F. G. Stephens, in his first notice of the Royal Academy exhibition in The Athenaeum, considered this work "first-rate," describing it as depicting "an unlucky and puzzled beauty 'in chambers' with three astute lawyers who 'heckle' her terribly," and calling it "a piece of vigorous humour and good painting" (574). In a later and more extensive notice Stephens was pleased that the picture was considered one of the pictures of the year:
It is an agreeable surprise to find Mr. Yeames's painting one of the pictures of the year in his Defendant and Counsel (309), the design of which, nevertheless, is not quite so clear as at first sight it seems. A comely young wife holds in her hand a document, which solicitors say is a deed, and her puzzled, not to say alarmed expression suggests forgery of one sort or another in which she and the deed are concerned. At the same time it is quite evident that the two young counsel and the respected solicitor, her companions in the rather bare lawyer's office, are witnesses to the very severe "heckling" of the lady by a third young counsel, whose questions, pressed with a stern sort of energy, which is capitally illustrated, seem to have opened an abyss before her feet. The question suggests itself, If the legal gentlemen are not her counsel, how came she before them? And if they are her counsel, why do they treat the fair in so severe a manner? A famous Q.C. said to us, "It will do for a picture, you know!" But this contempt is unworthy of art, and it wrong to the attainment of the Academician who has thus perplexed his admirers. Apart from the ladies attitude, the fine points of his design are her "modernity," grace, intelligence, and vivacity, the vigorous countenance of her assailant, the observant looks of both his brethren, and the sympathetic expression of the solicitor. There is much good and sound painting in the furniture and accessories of the office, while the lady's gown of silver-grey silk, her black cloak trimmed for sable fur, her dainty hat and glossy hair are due to a hand as able, firm, and skilful as that which depicted with so much power and taste her refined and natural carnations, and drew her features and hands. [711]

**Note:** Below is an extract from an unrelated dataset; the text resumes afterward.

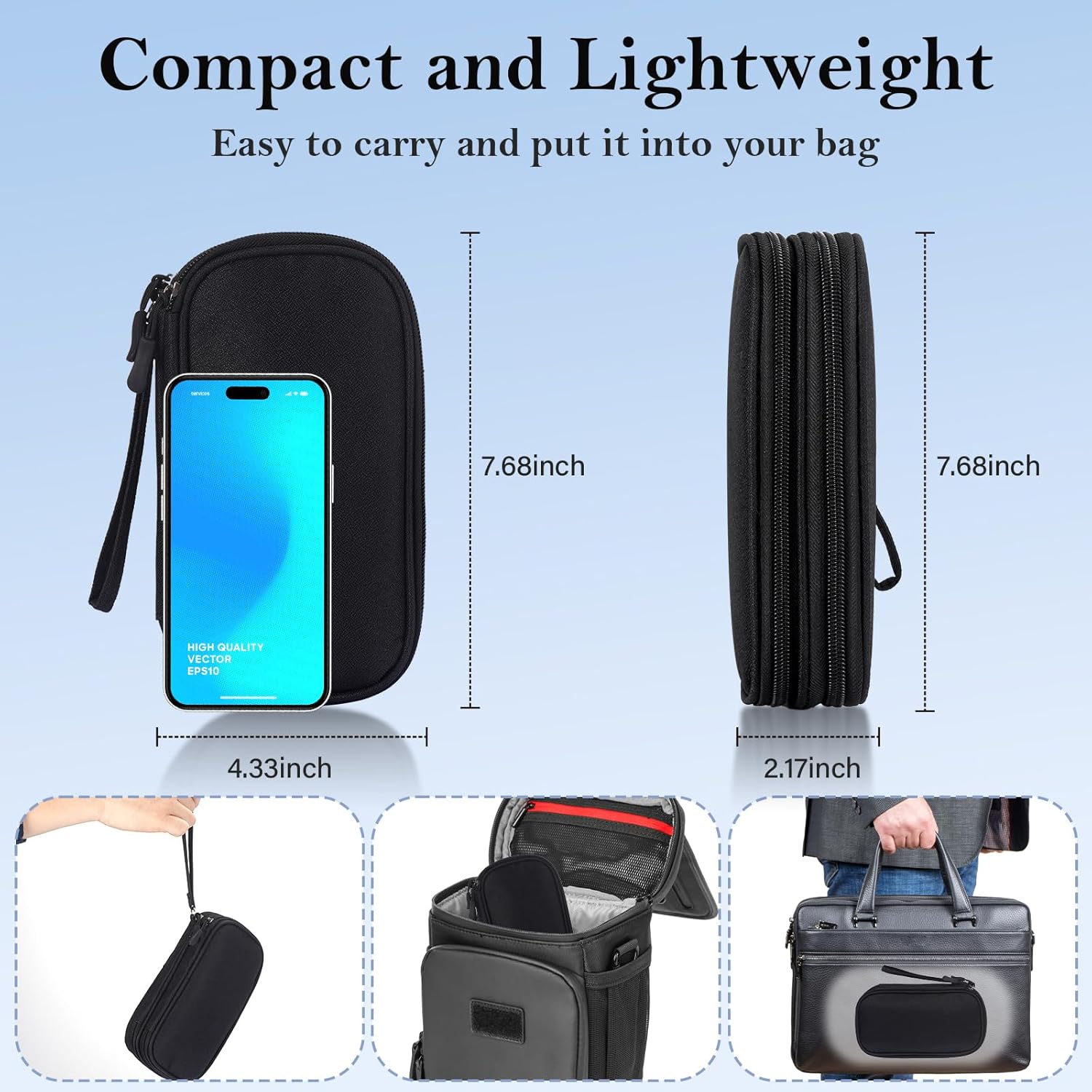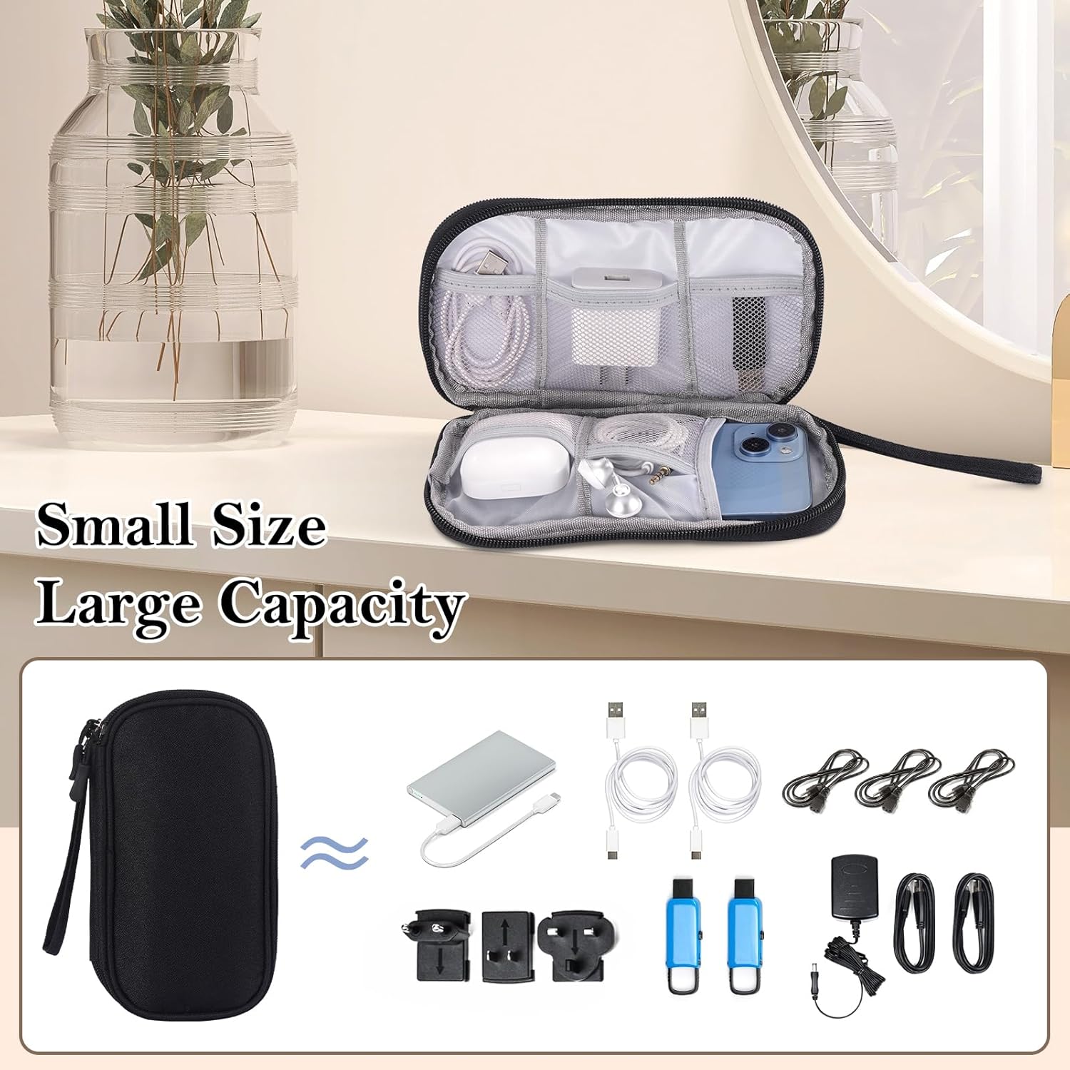 Dimensions: The dimensions of the electronics organizer is 7.68 inches x 4.33 inches x 2.17 inches.The tech bag is compact and lightweight, making it easy to carry and fit into backpacks, handbags,or laptop bags without taking up much space,our tech organizer is perfect for home use and everyday organization.

M. H. Spielmann, the editor of The Magazine of Art, thought the composition clever but too large: "Modern life is not without its devotees – men who feel that art to be true to itself must deal with the scenes it sees about it. So Mr. Yeames has gone to the law courts (though legal experts declare that he has not), and in Defendant and Counsel has executed a clever enigmatical scene between a pretty hard-pressed woman and bewigged lawyers – the chief fault of which is that it is on a scale altogether too large" (325).
Bibliography
Defendant and Counsel. Art UK. Web. 2 September 2023.
Slade, R. Jope. "The Royal Academy of Art, 1895." The Art Journal New Series XXXIV (1895): 161-81.
Spielmann, Marion H. "The Royal Academy Exhibition." The Magazine of Art XVIII (1895): 321-25.
Stephen Smith, Mary Helen. Art and Anecdote. Recollection of William Frederick Yeames, R.A. His Life and his Friends. London: Hutchinson & Co., 1927.
Stephens, Frederic George. "Fine Arts. The Royal Academy." The Athenaeum No. 3523 (4 May 1895): 574-79.
Stephens, Frederic George. "Fine Arts. The Royal Academy." The Athenaeum No. 3527 (1 June 1895): 710-12.